| WHAT YOU ARE ASKED TO DO |
Each line below from the line with "1938 kartka nadana" to the line with "靜音式低組裝QE系列直線導軌精度等級對照表" must be copied exactly, including those two, and no picture may appear in the copy.

| DATA FOR THE TASK |
━━━━

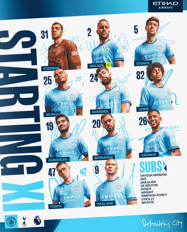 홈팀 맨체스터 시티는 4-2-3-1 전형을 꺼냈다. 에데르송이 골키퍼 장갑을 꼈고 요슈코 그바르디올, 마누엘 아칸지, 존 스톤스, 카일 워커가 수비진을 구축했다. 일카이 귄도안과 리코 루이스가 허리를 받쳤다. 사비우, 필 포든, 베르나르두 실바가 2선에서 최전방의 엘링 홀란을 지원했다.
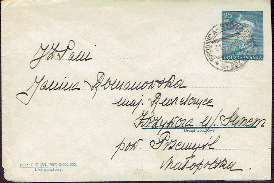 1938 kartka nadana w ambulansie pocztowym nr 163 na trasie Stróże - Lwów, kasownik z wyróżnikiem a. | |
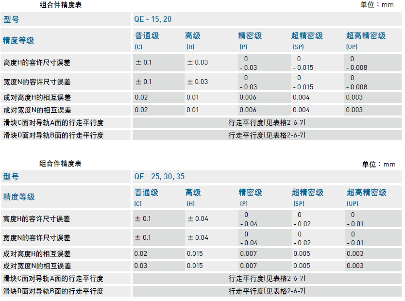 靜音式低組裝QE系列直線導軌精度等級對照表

━━━━

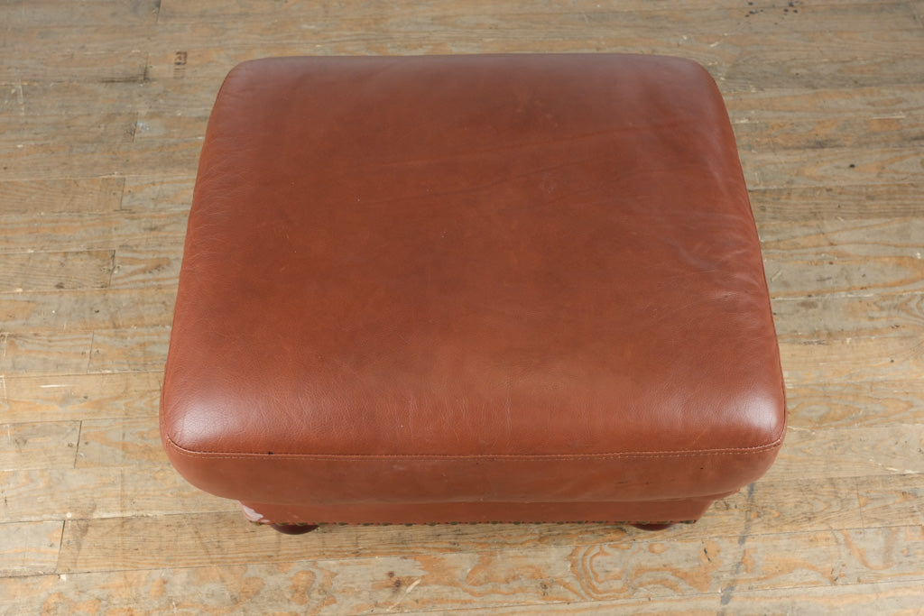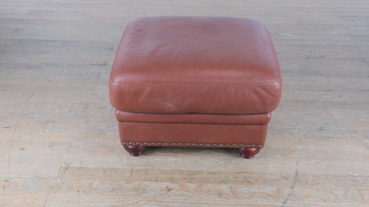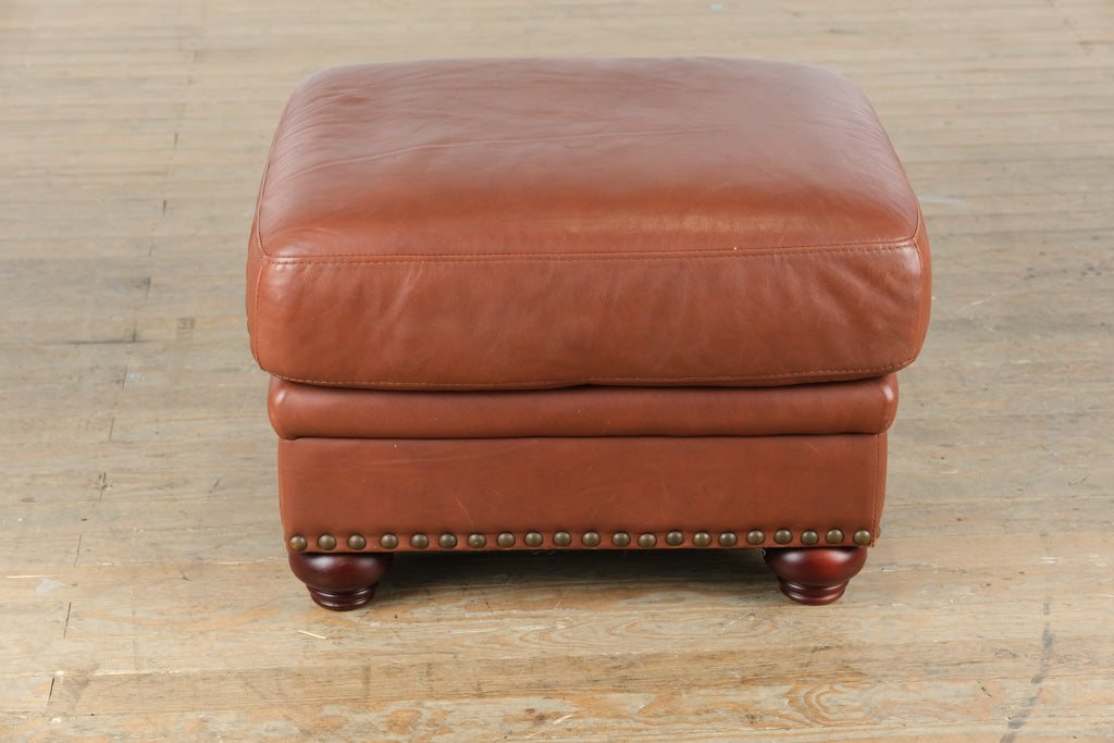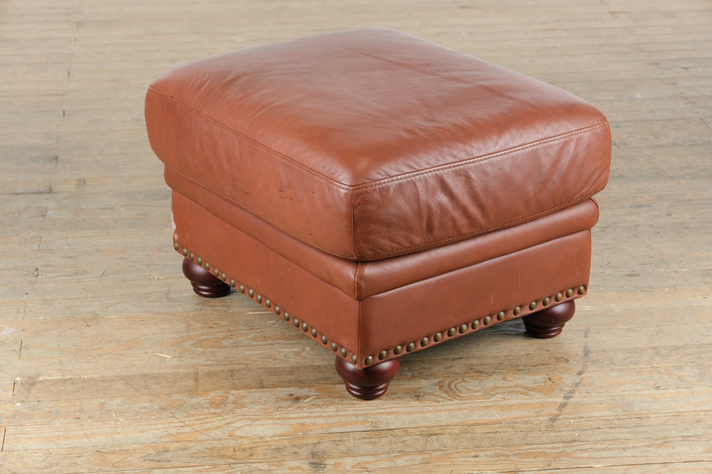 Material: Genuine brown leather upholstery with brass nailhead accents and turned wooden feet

━━━━

| EXERCISE OUTPUT |
 1938 kartka nadana w ambulansie pocztowym nr 163 na trasie Stróże - Lwów, kasownik z wyróżnikiem a. | |
 靜音式低組裝QE系列直線導軌精度等級對照表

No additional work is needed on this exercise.